1.1. Uma breve introdução sobre o ácido sulfúrico

A substância conhecida como ácido sulfúrico (veja Figura 1.1) foi descoberta na Idade Média pelo alquimista de origem islâmica Jabir Ibn Hayyann, também conhecido como GEBER. Entretanto, algumas fontes bibliográficas informam que o alquimista persa Ibn Zakariya Al-Razi que viveu durante o Século IX seja o descobridor desta substância.

Segundo o alquimista Al-Razi, o ácido sulfúrico era obtido pela decomposição de sulfato de ferro(II) heptaidratado (FeSO4∙7H2O) e/ou sulfato de cobre(II) pentaidratatdo (CuSO4∙5H2O) em óxido de ferro(II) e de cobre(II), respectivamente, produzindo água e dióxido ou trióxido de enxofre (SO2 ou SO3). A reação entre a água e o SO2 ou SO3 produz uma solução ácida, devido a formação do ácido sulfuroso ou sulfúrico, respectivamente. O ácido sulfuroso é lentamente oxidado pelo oxigênio do ar a ácido sulfúrico:

a. No caso do sulfato de ferro(II) temos:

FeSO4∙7H2O → FeSO4 + 7H2O

equação 1.1

6FeSO4 → Fe2(SO4)3 + 2Fe2O3 + 3SO2

equação 1.2

ou

Fe2(SO4)3 → Fe2O3 + 3SO3

equação 1.3

b. No caso do sulfato de cobre(II) temos:

2CuSO4∙5H2O → 2CuSO4 + 5H2O

equação 1.4

2CuSO4 → 2CuO + 2SO2 + O2

equação 1.5

ou

CuSO4 → CuO + SO3

equação 1.6

Então, em meio aquoso, ocorre a formação de uma solução ácida, como podemos verificar pelas seguintes reações químicas:

H2O + SO3 → H2SO4

equação 1.7

H2O + SO2 → H2SO3

equação 1.8

2H2SO3 + O2 → 2H2SO4

equação 1.9

Como o sulfato de ferro(II) heptaidratado e o sulfato de cobre(II) eram conhecidos como Vitriolum Goslariense e Copper Vitriol, devido a popularização deste método de obtenção do ácido sulfúrico, esse ácido ficou conhecido com o nome de Spiritus Vitrioli (ou liquor vitrioli acidus primus), preparado nos passos que envolviam a formação do dióxido de enxofre e de Oleum Vitrioli (ou liquor vitrioli acidus secundus), preparado nos passos que envolviam a formação de trióxido de enxofre.
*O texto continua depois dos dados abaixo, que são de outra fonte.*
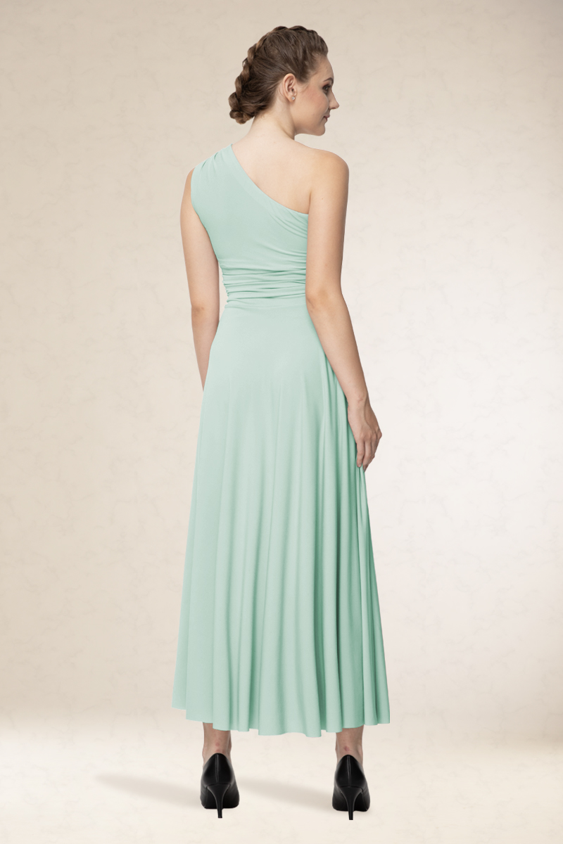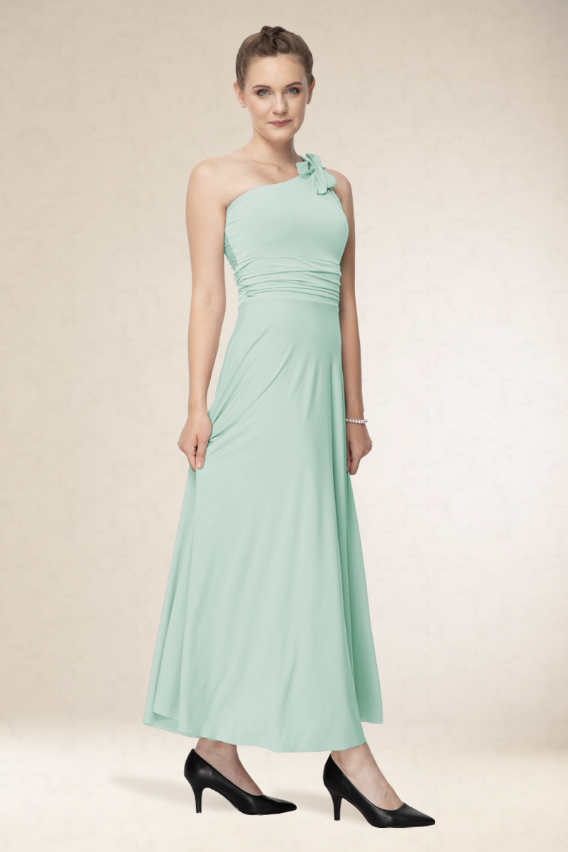 Hosszú alkalmi ruha, ferdevállas fazon, variálható díszítéssel. Kényelmes viselet. Könnyen kezelhető, nem gyűrődik. Ajánljuk szalagavatóra vagy koszorúslányoknak, sötétebb színeit színházba, vagy estélyre.

A preparação do ácido sulfúrico utilizando salitre (nitrato de potássio, KNO3) foi primeiramente descrita por Valentinus, no Século XV. Entretanto, algumas fontes históricas informam que o cientista Johann Glauver também preparou o ácido sulfúrico pela queima de enxofre com salitre na presença de fogo, no Século XVII. Existem relatos que informam que o farmacêutico Joshua Ward começou em 1736 a produção de ácido sulfúrico em larga escala usando o método proposto por Johann Glauver.

Em 1746, John Roebuck de Birmingham (Inglaterra), introduziu a câmara de chumbo ao processo de Ward. A vantagem de usar essas câmaras estava no fato de elas serem fortes, pouco custosas e na possibilidade de serem feitas em estruturas maiores do que as de vidros que eram utilizadas anteriormente. Com algumas melhorias, o método permitiu a industrialização efetiva da produção de H2SO4, o que fez dele o método padrão por aproximandamente dois séculos. Contudo, a solução ácida produzida por esse método continha somente uma pequena proporção de ácido sulfúrico (teor = 35 – 40%). Melhoramentos introduzidos pelos químicos Louis Joseph Gay-Lussac e John Glover permitiram um aumento da concentração para 78%.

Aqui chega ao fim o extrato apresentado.